Путались мои мысли, пытался я разом выплеснуть все негодование свое своеволием боярским, вспоминал все обиды, которые чинили они и мне с братом моим в детство наше, и сыновьям Ивановым в малолетство их, тут же напоминал Курбскому мысли брата моего о самодержавной власти и его возражения, и пенял князю за его всегдашнее высокомерие и строптивость. Так исписывал я лист за листом, смешивая, по обыкновению своему, малозначащее с главным, низкое с высоким и щедро пересыпая послание примерами из Священного Писания, надеясь, что так для Курбского будет весомее и понятнее.

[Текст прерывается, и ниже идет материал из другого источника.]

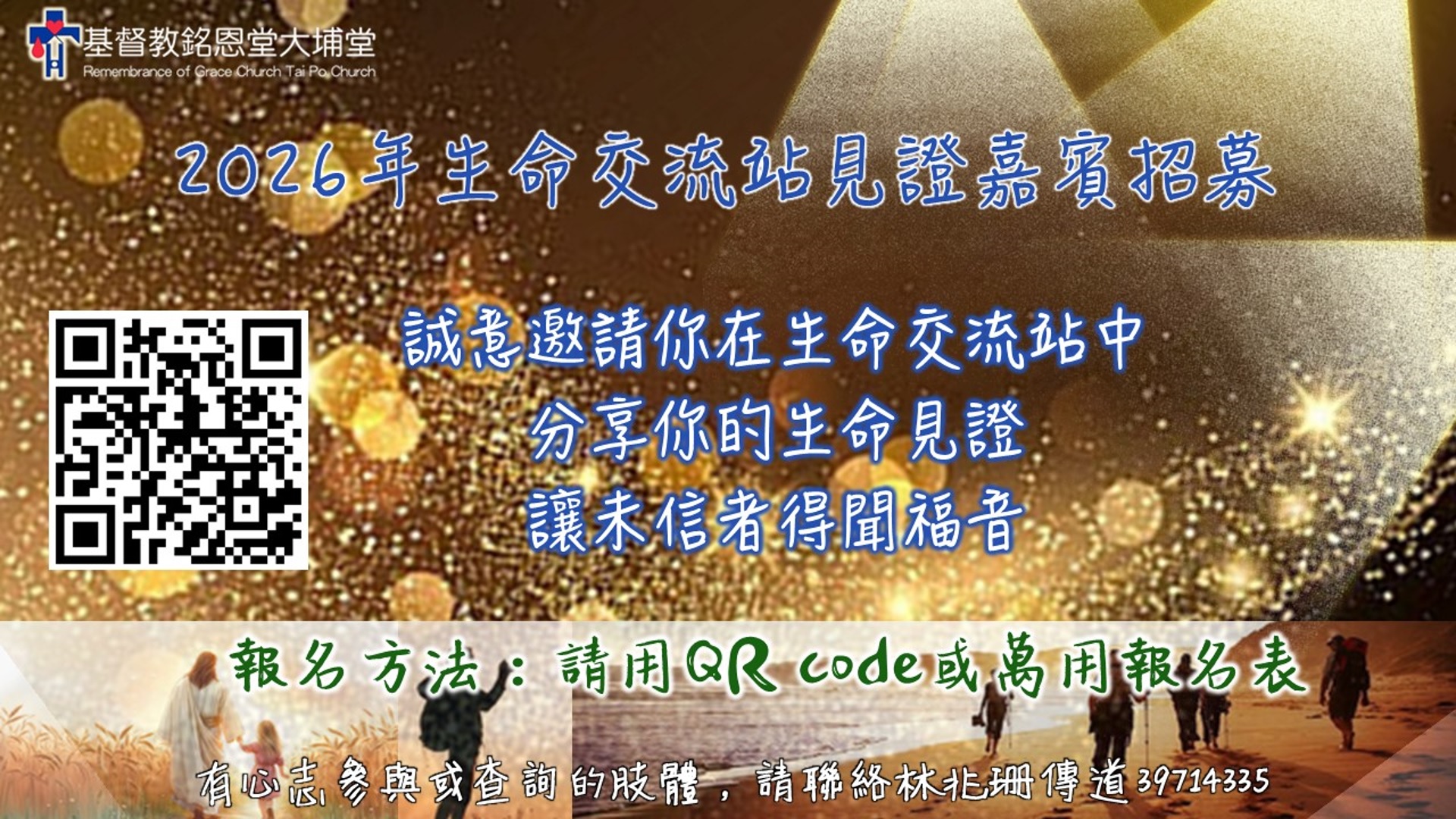誠意邀請你在生命交流站中分享你的生命見證,讓未信者得聞福音。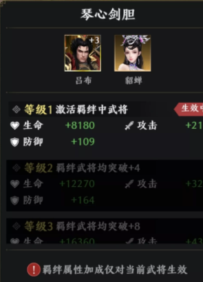 3个羁绊都可以为吕布加不少的属性(随着突破等级上升而增加)其中优先选择貂蝉,其次张辽,然后华雄。两者前的属性都可以为吕布增加最高的属性!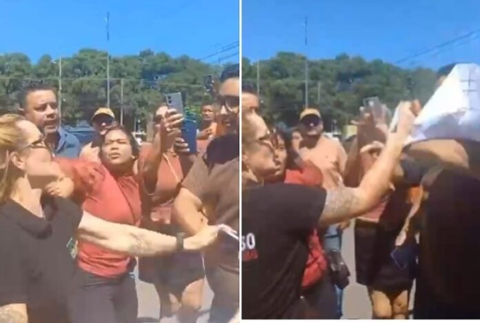 Vídeos que circulam nas redes sociais mostram momentos da confusão. Em uma das gravações, é possível ver o momento em que a esposa do vereador agride o jornalista com um tapa na mão dele.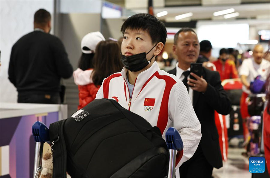 Sun Yingsha, del equipo chino de tenis de mesa, llega al Aeropuerto Roissy-Charles de Gaulle para los próximos Juegos Olímpicos de París 2024, cerca de París, Francia, el 15 de julio de 2024. (Xinhua/Gao Jing)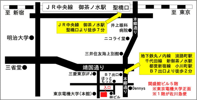 JR中央線「御茶ノ水駅」をご利用の場合は、聖橋口より徒歩7分。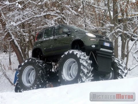 No es una alucinación. El Fiat Panda Big Foot... ¡existe!, y buena prueba de ello son estas imágenes. Blancos se han debido quedar más de cuatro atónitos esquiadores cuando han visto aparecer al pequeño Fiat Panda Climbing 4x4 vestido de esta guisa y circulando a sus anchas por la nevada estación de esquí italiana de Val D´Aosta.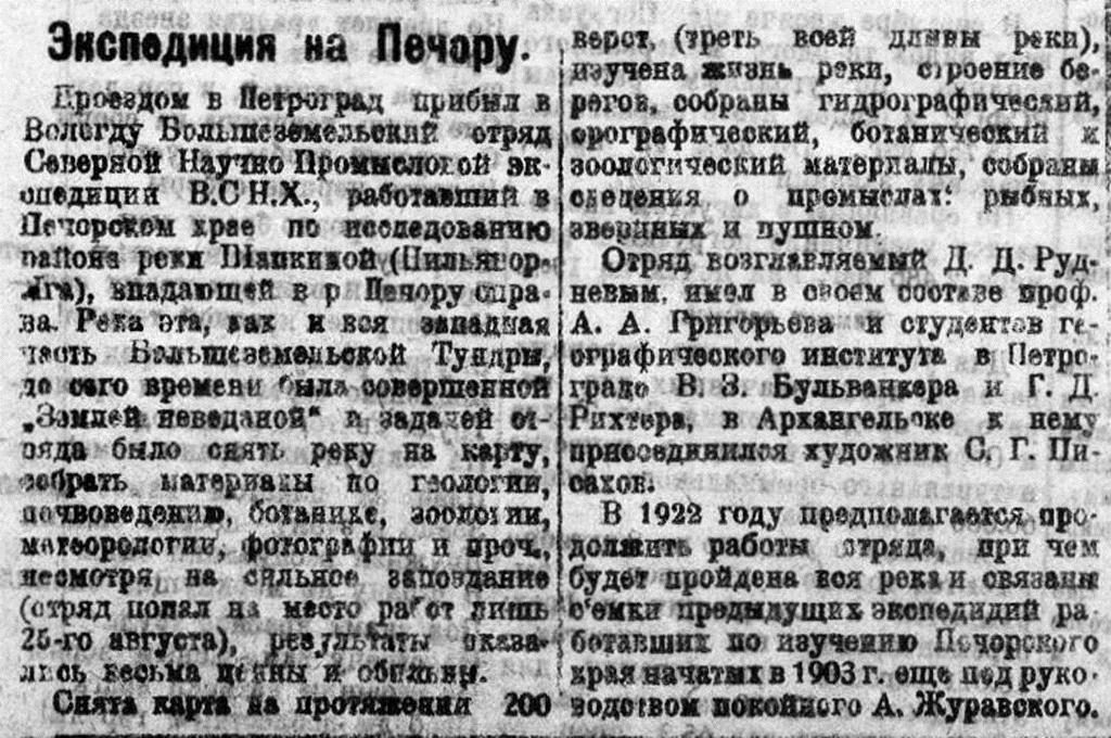 Проездом в Петроград прибыл в Вологду Большеземельский отряд Северной Научно Промысловой экспедиции В. С. Н. Х., работавший в Печорском крае по исследованию района реки Шапкиной (Пильворъяга), впадающей в р. Печору справа. Река эта, как и вся западная часть Большеземельский Тундры, до сего времени была совершенной "Землей наведанной" и задачей отряда было снять реку на карту, собрать материалы по геологии, почвоведению, ботанике, зоологии, метеорологии, фотографии и проч., несмотря, на сильное запоздание (отряд попал на место работ лишь 25-го августа), результаты оказались весьма ценны и обильны.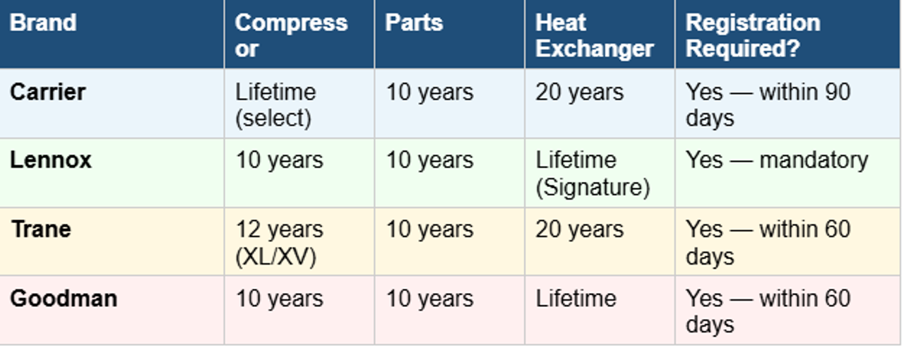 - Brand longevity: Carrier (120+ years), Trane (140+ years), Lennox (130+ years)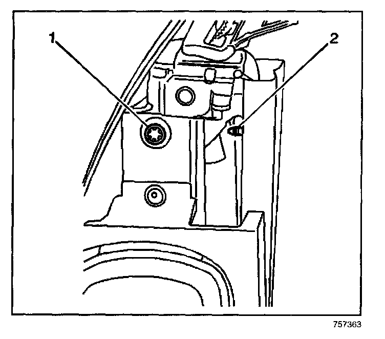 6. Remove the push pin (2) securing the top of the seat belt retractor assembly to the seat back frame.

А как написал я тот ответ, так и гнев мой испарился, и презрение, и ненависть. Ничего в душе больше не осталось. Я вычеркнул этого человека из своей жизни.
* * *
Я уже делился с вами одной моей мыслию, что великие потрясения происходят часто из событий ничтожных. Вот и тогда так случилось. Что бы ни измышлял некий князь-изменник, публичных казней в Москве давно уже не было, но тут двор царский решил в назидание и для острастки бояр строптивых казнить холопа Ваську Шибанова. Не отрицаю, вел он себя достойно, но это все ж таки не повод, чтобы подбирать его тело и устраивать ему почетные похороны, как это сделал боярин Владимир Морозов под рукоплескания всей знати мятежной. Но они не остановились на этом и приступили к дворцу царскому с требованием прекращения всех казней — каких таких казней?! — и отставки ненавистного им Алексея Басманова, имя которого было прямо им указано в некоем послании. И совсем было удивительно, что к этим требованиям неразумным присоединился новый митрополит Афанасий, на место почившего Макария избранный. А ведь какие ему почести оказывались, Захарьины даже добились для него у Собора Священного права носить белый клобук, что ставило его выше всех патриархов веры православной! Воистину нет благодарности в сердце человеческом!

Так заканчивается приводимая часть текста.